For the last few years, the two local servicemen and best friends have served and trained around the world ” Gonzalez as a Marine corporal and Walters as a Navy parachute rigger.

Gonzalez, 20, did a 7-month tour in Iraq tracking enemy fire on radar and Walters, 22, helped evacuate civilians in Lebanon.



Both are currently stationed stateside, but Gonzalez expects to head back to Iraq in April. Walters will return to Virginia Beach for training.

But this year both got to return to the valley and celebrate their first Christmas with friends and family since joining the military.



“It’s been non-stop since we’ve been back. We’ve been snowboarding and seeing friends, making the rounds,” said Gonzalez, who is from Edwards. “And my family is definitely excited when I come home.”

Gonzalez’s mother, Ida De Loera said she has been preparing for Christmas since she found out her son would not be shipped out this winter.

“He got in town at 4:30 in the morning and woke me up,” she said. “It’s nice to be woken up by your son.”



Coming back to the states can be a difficult adjustment after living in war zones, Gonzalez said.

“Honestly, it gets boring here,” he said. “You train to do a job here and you go out and do it there. I feel like I might as well stay there.”

Still, it is a rare chance for the high school friends to spend almost every waking moment together.

Walters, originally from Brooklyn, came to the valley to spend his senior year of high school and met Gonzalez at the prom.

“I was the new guy at Battle Mountain High School and we met on the dance floor. We were the only two people there who knew the cha-cha slide,” Walters said.

The two and another friend, Harrison Brown, hit it off right away and were inseparable, De Leora said.

“It was hard, going from seeing each other every single day to them being away and never seeing each other,” Brown said.

The friends still try to talk on the phone weekly, even when they are on different sides of the globe.

While Gonzalez and Walters said they love their jobs, it takes some focus to keep from missing home, they said.

“You just can’t think about it or think about being scared, or you’ll never get your job done,” Walters said.

Dealing with the isolation is one of the hardest aspects of the job, he said.

While at sea, Internet access can be spotty, and mail comes twice a month at best.

“I was on an all-male ship, and I saw men cry when they didn’t get any mail. It was some sad stuff, let me tell you,” he said.

Gonzalez said he remembers the first time he experienced a bombing in Iraq.

“I was eating and I’d only been there 3 or 4 hours. It hit, and everybody just stopped. I think there was complete silence for about 5 seconds,” he said. “But you get used to it.”

Walters said he had always been interested in joining the Navy, and he wanted to set an example for his 12-year-old brother.

“I wanted him to see that there’s another life out there than being on the streets,” he said.

Similarly, Gonzalez said his younger cousin is a motivation for him. He also wanted to get out of the valley and see the world, he said.

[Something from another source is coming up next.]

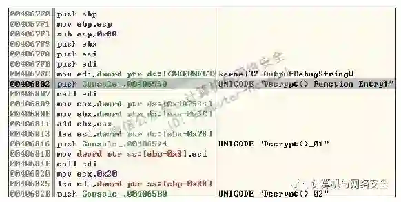 从图10中可以看到,除了函数入口处的"Decrypt()Function Entry!"提醒我们已经进入Decrypt函数外,还有Decrypt()_01等标记函数中的关键点,这样我们就能迅速地在反汇编代码中定位到关键点,从而使我们的调试工作更加轻松可靠。

And it doesn’t hurt that they get to shoot guns, both added.

It is difficult at home while Gonzalez is away, De Leora said.

“I have to deal with what they want to do with him,” she said. “He tells me that he is the property of the U.S. government. I have to learn to deal with that.”

She worries constantly while Gonzalez is in Iraq, especially when his phone lines get taken out and she does not hear from him for weeks.

“Then I’m a wreck. I always think the worst,” she said. “I try not to think about it as much. I work more or volunteer to keep my mind off it.”

She is extremely proud of her son, but sometimes she still wishes he had gone to college in Boulder like many of his other high school friends.

“This is what he wants to do, and he loves it. He was born to do it, but I wasn’t born to be a soldier’s mother,” she said. “I don’t know if anything can prepare you for that.”